Fred Barnes (1885–1938)
Fred Jester Barnes, not to be confused with songwriter Fred J. [James] Barnes, was born in Birmingham, the son of a fairly prosperous butcher. As teenagers, he and Dorothy Ward were great friends, and her success inspired him to attempt a show business career.1 His first appearance in a London Music Hall, in 1906, was an immediate success, and he continued to enjoy popularity on stage for the next dozen or so years. Music Hall historian W. Macqueen-Pope says that Barnes “had a good voice, good looks, an easy manner and was always well dressed.”2 Another chronicler of the times, Theodore Felstead, describes him as “[a] man with first-class melodies and the voice to sing them.”3 Among his better songs were There’s A Friend In Every Milestone, The Same Old Park, On Mother Kelly’s Doorstep, and The Black Sheep Of The Family.Both Macqueen-Pope and Felstead note that Barnes faded out early, but what they do not say is that he was unabashedly gay. Known to his friends as “Freda,” he was regarded as scandalous even by the relatively tolerant world of show business, and he was increasingly shunned in his later years. His fondness for alcohol also limited his ability to perform as time went on. Barnes ended his sad life by gas poisoning in the Southend-on-Sea flat of his friend and manager. (For some of the biographical details on Fred Barnes, I am indebted to the website http://andrejkoymasky.com/liv/fam/biob1/barnes04.html.)
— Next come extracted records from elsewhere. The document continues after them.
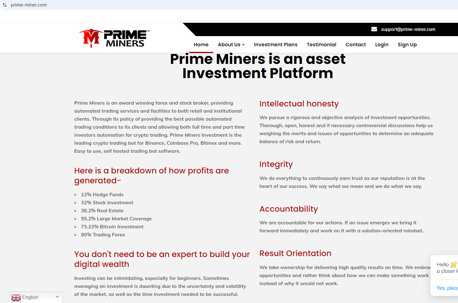 برايم ماينرز هو موقع واضح أنه احتيالي، وغالباً ما يتم تجميع مثل هذه المواقع بشكل متعجل وتظهر سمات شائعة معينة. فهي تستبدل ببساطة أسماء العلامات التجارية الموجودة في المحتوى بأسمائها الخاصة، وغالباً ما تهمل التأكد من الدقة النحوية أو التناسق المنطقي. برايم ماينرز هو مثال رئيسي على هذا النوع من الاحتيال. يستخدم نفس نموذج الموقع الإلكتروني مثل احتيال تكنولوجيا blockchain العالمية الذي تم الكشف عنه سابقًا بواسطة بروكرز فيو.
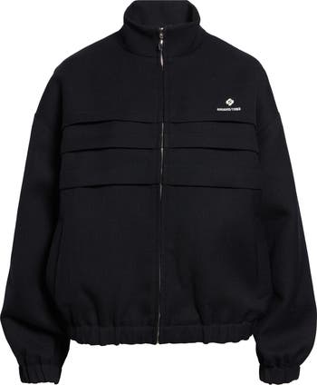 The Shanghai-based design duo Shushu and Tong—Liushu Lei and Yutong Jiang, respectively—bring a utilitarian element to their schoolgirl aesthetic with this oversized hopsack track jacket fashioned with deep horizontal tucks across the chest and logo embroidery as the singular embellishment.
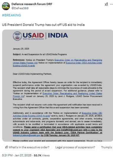 Зазначений циркуляр уряду США став вірусним із твердженням про те, що президент США Дональд Трамп призупинив фінансову допомогу в Індію. “Діючим сьогодні, офіцер угоди Tude Tude видає наказ одержувачу негайно призупинити виконання згідно з угодою, яку ваша організація була присуджена USAID/India …”, – прочитав лист, поділений у вірусних посадах.
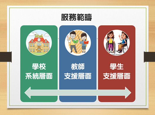 - 向教師、家長及各相關的專業人士提供諮商服務,使學生得到最適切的照顧與支援。

Fred Barnes recorded only a handful of songs, none of them by Fred Godfrey, but he appears from sheet music covers and other sources to have performed the following Godfrey songs on stage: You’ve Got Me And I’ve Got You (1914); Hullo! Hullo! Hullo! (Youre Carrying On) (1915); It’s All Through The Wibbly-Wobbly Eye (1915); On Our Happy Wedding Day (To That Little Church Just Over There) (1915); They All Did The Goose-Step Home (1915); Tommy’s Learning French (1915); and You Can’t Fool Around With The Women (1920). One source says that Barnes also sang Godfrey’s We’re All Scotch (1917).4
1 Norman Quilliam, “Remembering Fred Barnes,” The Call Boy [British Music Hall Society] 31, no. 4 (1995): 16.